I looked him up, and sure enough, he was an American mink. They burrow near creek beds, so the little brook that runs along the edge of the woods must be his water source. It’s reassuring to think that that small amount of water can support so many species.

To see a mink can mean you are: drawn to deep study of complex concepts, capable of holding multiple, contrasting opinions, willing to go to painful places for knowledge, desirable for what you produce not necessarily for who you are, in constant need of seclusion to find nourishment, and aware of your need for a reserve of surplus, internal energy.

Yes! Thank you, Sir Mink. I do like to study ideas, and I can’t help but think critically, seeing things from many points of view. I have used physical pain as a teacher of my limits of movement. Solitude is an absolute craving, and I am constantly aware of preserving my energy, especially when social events are near.

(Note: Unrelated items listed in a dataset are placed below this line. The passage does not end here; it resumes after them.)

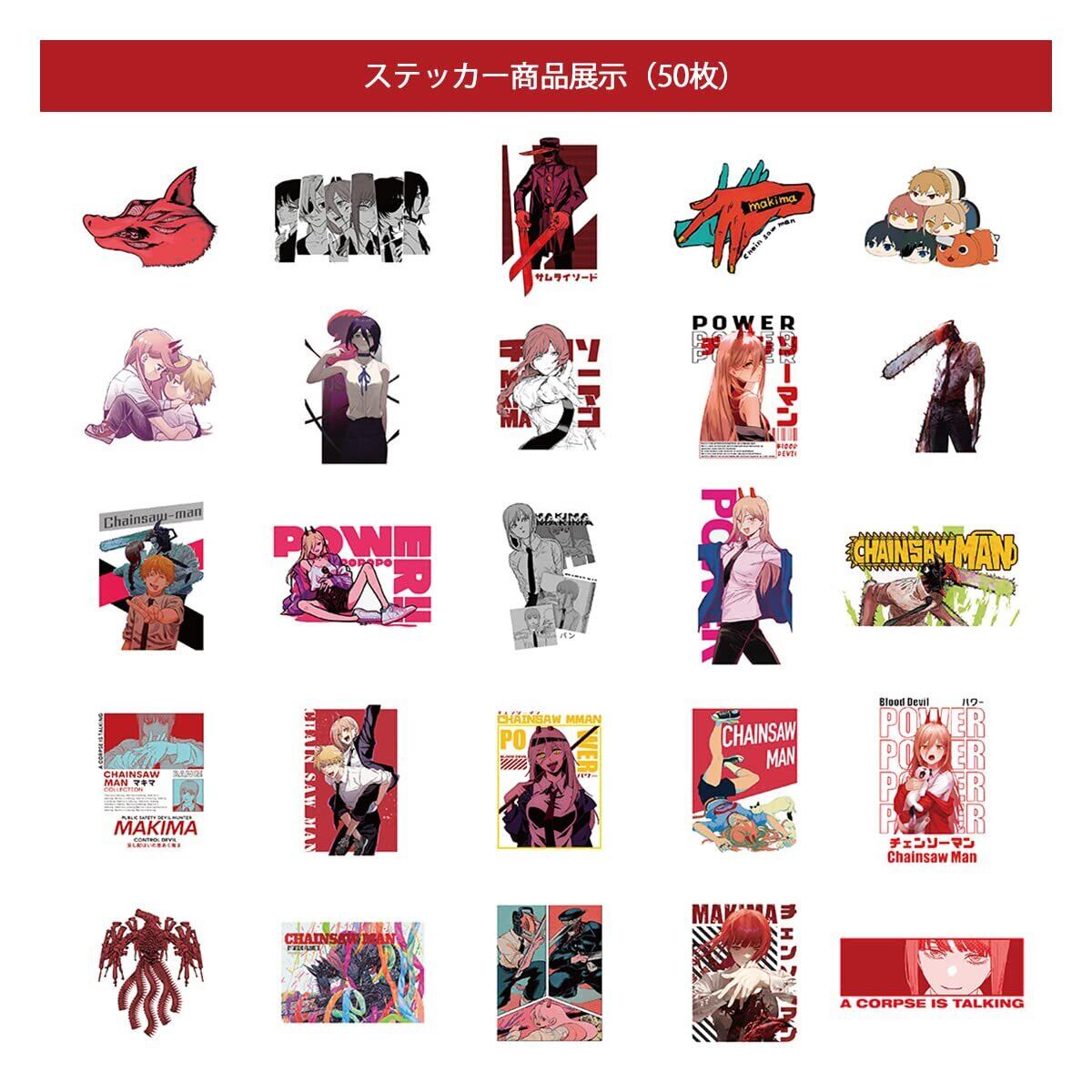 For チェンソーマン ステッカー 50枚セット Q版 防水シールチェンソーマン シール に紙を張る ステッカーパック デカール スーツケース 高精細画像 萌え 車 自転車 バイク ヘルメット パソコン スノーボードに適用 子供 学生 誕生日 プレゼント贈り物
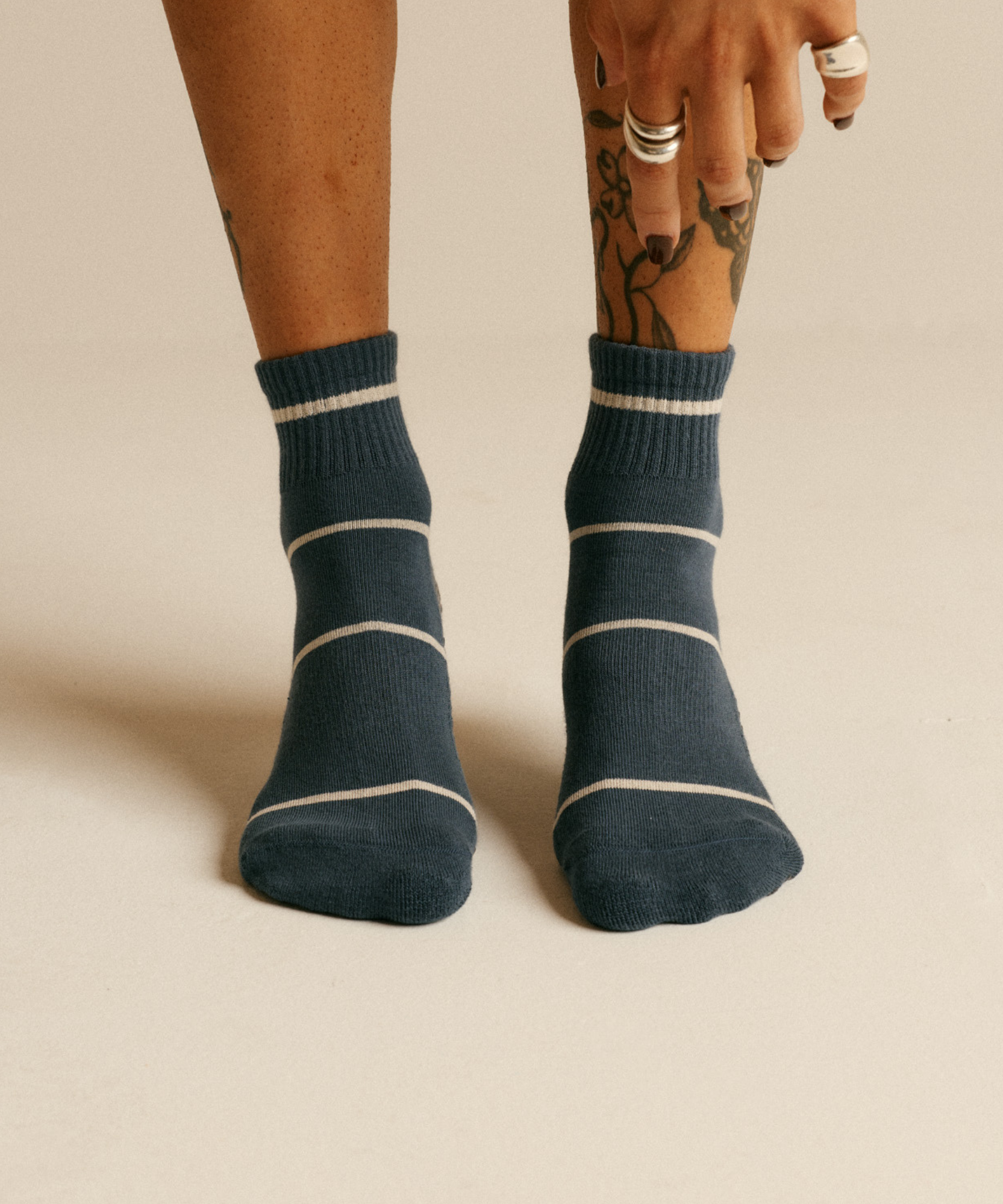 Quarter Crew Non Slip Grip Socks - Baseline Navy
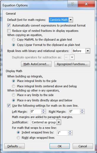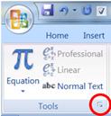 If you find that the equation editor does not format some aspects of equations according to your taste, you may be able to change those aspects with the Equation Options menu. To find this menu, enter the equation editor (<alt>=), and when the “Design” ribbon appears, click on the arrow (circled in red in Figure 2) at the lower-right corner of the “Tools” group. This menu allows you to change, for example, the default font for equations, the placement of integral limits, and margins. It also is the gateway to the Math Autocorrect window discussed in the next section.

The one that confuses me is being desirable for what you produce, not who you are. This could refer to the killing of minks for their coats and not recognizing their value to the ecosystem (many humans are slow in understanding this), but maybe for me this refers to my careers. I was a good teacher, but it wasn’t all of me, and while students needed me, I needed quiet more. When I finally put my books out into the world, I know there will be the promotional, social part, and I’ll do this, because it’s part of the process.

But I’ll be thinking about biking on a trail or being alone in my studio, writing my next book, waiting for the next fable of animals to teach me, just outside my window.